Butler Wick: 30 jobs at risk
By Don Shilling
Last fall’s stock market crash ruined a local takeover of Youngstown’s Butler Wick & Co.
YOUNGSTOWN — The president of Butler Wick & Co. said dozens of downtown jobs could have been saved if the company’s financial advisers had succeeded in buying the stock brokerage.
Before they could reach a deal, however, stock markets crashed in September and October, and the financial advisers no longer had assets they wanted to commit to the deal, said Tom Cavalier, chairman, chief executive and president of Butler Wick.
United Community Financial Corp., a Youngstown-based holding company that also owns Home Savings and Loan Co., then reached a deal to sell Butler Wick & Co. to St. Louis-based Stifel Financial Corp. for $12 million. The deal closed two weeks ago.
Cavalier estimated that between 30 and 35 of Butler Wick & Co.’s downtown staff are in jeopardy of losing their jobs once the systems of the two companies are merged in March. The office in the City Centre One building has 45 employees, including managers and support staff, in areas such as accounting and information technology.
Most of those jobs won’t be needed because much of that work will be done by staff in St. Louis, Cavalier said.
The local company’s financial advisers and sales assistants were moved to branch offices a few years ago, and all of them will remain on staff, he said. Butler Wick moved the financial advisers to the suburbs out of concern that they would have switched companies in order to avoid the city’s 2.75 percent income tax, he said.
The local staff now operates as the Butler Wick division of Stifel and has 23 offices in Ohio, Pennsylvania and New York, employing 175.
Cavalier said he is talking about the local attempt to buy the company because of questions he is receiving. People are calling him and stopping him on the street to ask why local managers didn’t buy the company before it was sold to an out-of-state owner.
Cavalier said local managers had discussed a purchase for a few years and put together an offer last June. The offer was made because Butler Wick staff knew that United Community needed to reduce its debt and build its working capital, Cavalier said.
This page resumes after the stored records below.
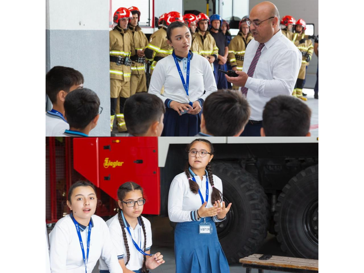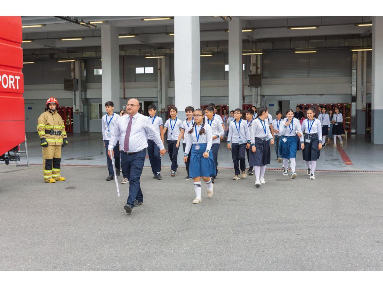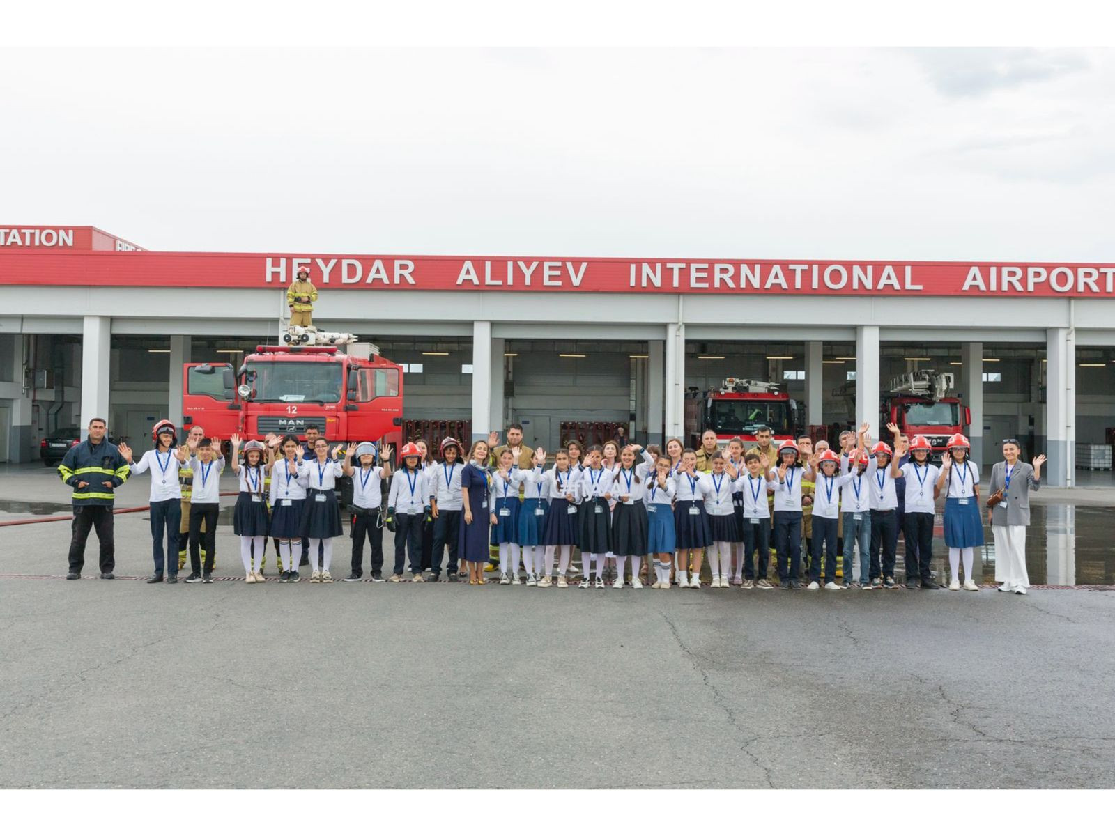 Ekskursiyanın növbəti məkanı aeroportun yanğınsöndürmə xidməti olub. Yanğınsöndürmə xidmətinin nümayəndələri uşaqlara yanğınsöndürmə maşınının quruluşu barədə danışıb, yanğınsöndürənlərin döyüş geyimi, yanğın xilasedici qurğuları nümayiş etdirib, su və köpüyün necə vurulduğunu göstəriblər. Söhbət zamanı uşaqların əksəriyyəti yanğınsöndürənlərin yanğın baş verdiyi halda hansı telefon nömrəsini yığmalı və təhlükəli vəziyyətdə nə etməli kimi suallara cavab verərkən yüksək bilik nümayiş etdiriblər.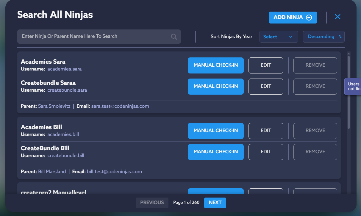 Mentioned below is a step by step guide to enable Ninja's Manual Check-in on the Center Portal. 1. Login to the Center Portal using your Code Ninjas credentials. And browse and click on the "Ninjas in Dojo" tab 2. When you're on the "Ninjas in Dojo" ...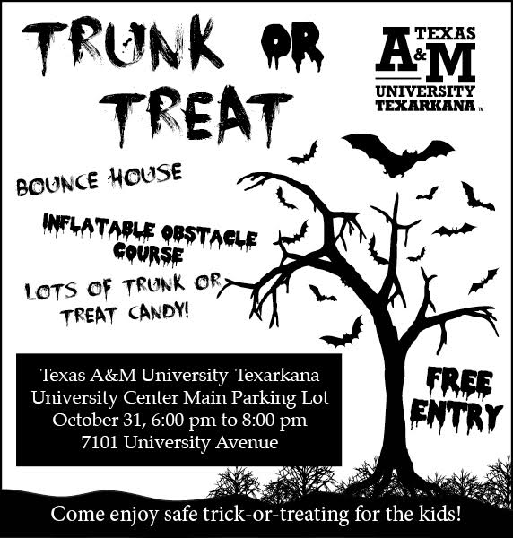 Texas A&M University-Texarkana will host its annual Halloween Trunk or Treat celebration Saturday, Oct. 31, from 6-8 p.m. in the University Center main parking lot on the A&M-Texarkana campus at 7101 University Avenue, Texarkana, Texas.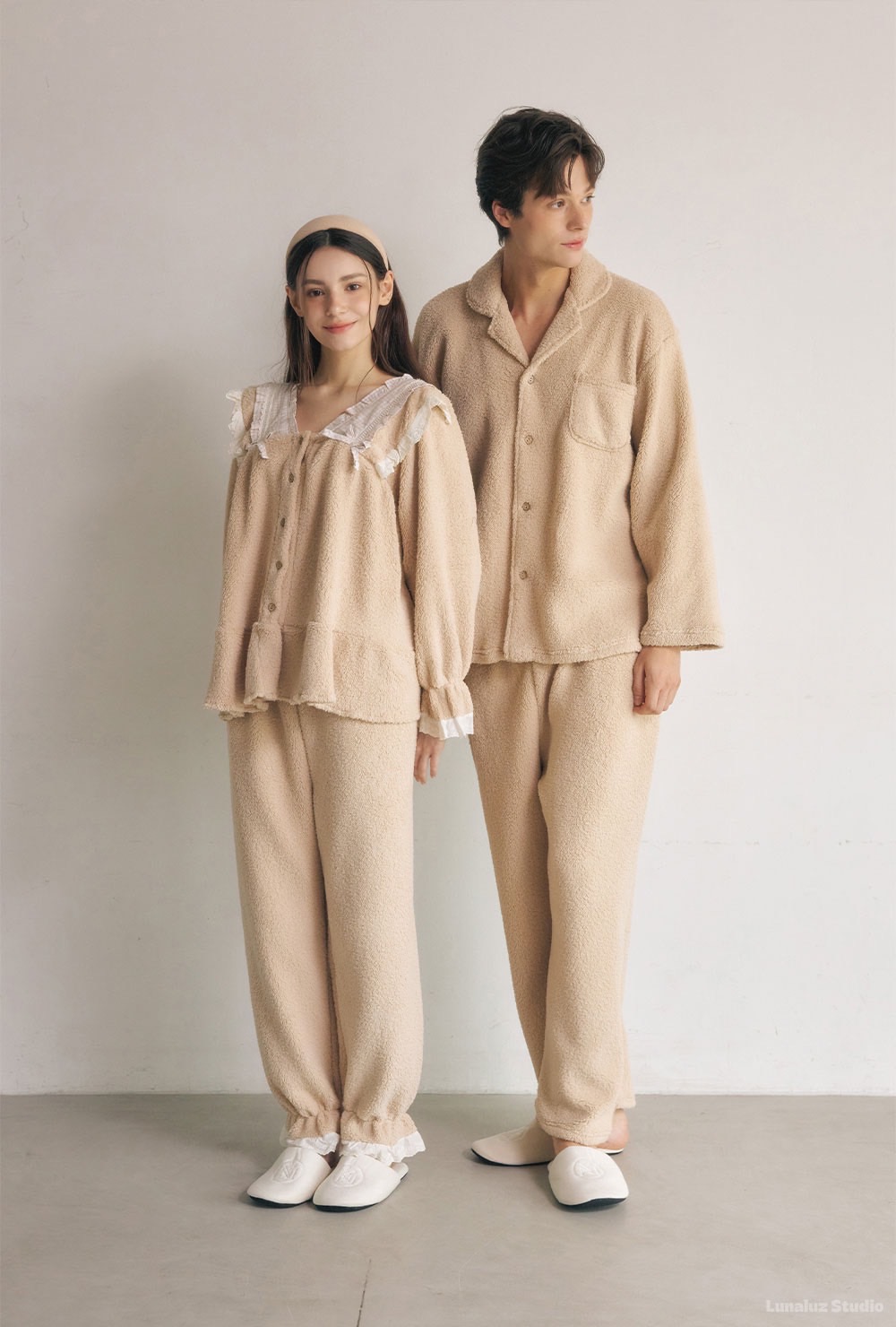 整套配色:奶霜米杏主色,與白色蕾絲對比乾淨,四季居家都耐看。
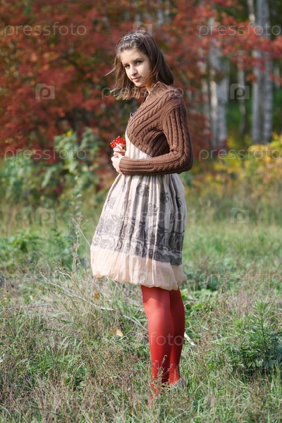 Красивая девушка на фоне осенних деревьев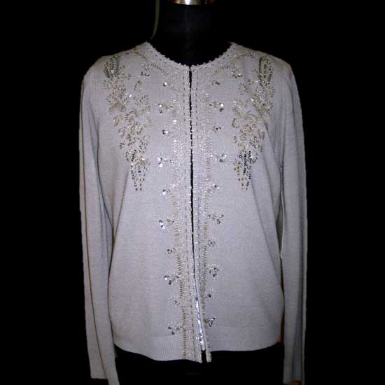 Showcased is an elegant cardigan with a round neck. The front is embellished with scattered sequins to shimmer along the neck and closure. Make an eye-catching entrance to air-conditioned areas in this beautiful cardigan.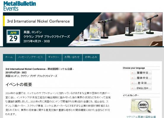 株式会社グローバル インフォメーションでは、皆様の利便性を図る為に、日本語、韓国語、中国語で「3rd International Nickel Conference - 第3回国際ニッケル会議」の情報を提供するとともに、会議の参加のお申し込みを承っております。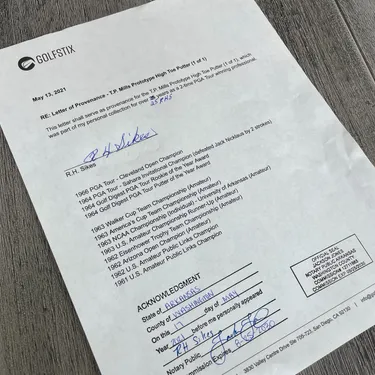 A rare 1 of 1 putter made from by a pioneer in hand-crafted putters, Truett T.P. Mills. Featuring a high toe blade design, this putter also includes handwritten notes from Truett on the sole.

Each of the company’s financial advisers gave an amount that they would be willing to invest in the purchase, he said.
United Community officials issued a counterproposal to the Butler Wick staff in October, he said. At that point, investments held by those making the purchase offer had fallen between 30 percent and 50 percent, and there was no longer enough cash for the offer, he said.
Butler Wick officials had been talking to outside parties about joining as investors, but that interest also dried up in October, he said.
Cavalier added, however, that he thinks Butler Wick will benefit from the merger with Stifel. Clients still will be working with the same financial advisers, and the local office will have more resources to recruit financial advisers and offer more corporate finance programs to customers.
The sale to Stifel did not include Butler Wick Trust Co. United Community said Thursday, however, that it has reached a deal to sell the trust company to Farmers National Bank of Canfield for $12.1 million.
Officials said the trust company will keep its offices downtown and in Howland, and all 27 employees will keep their jobs.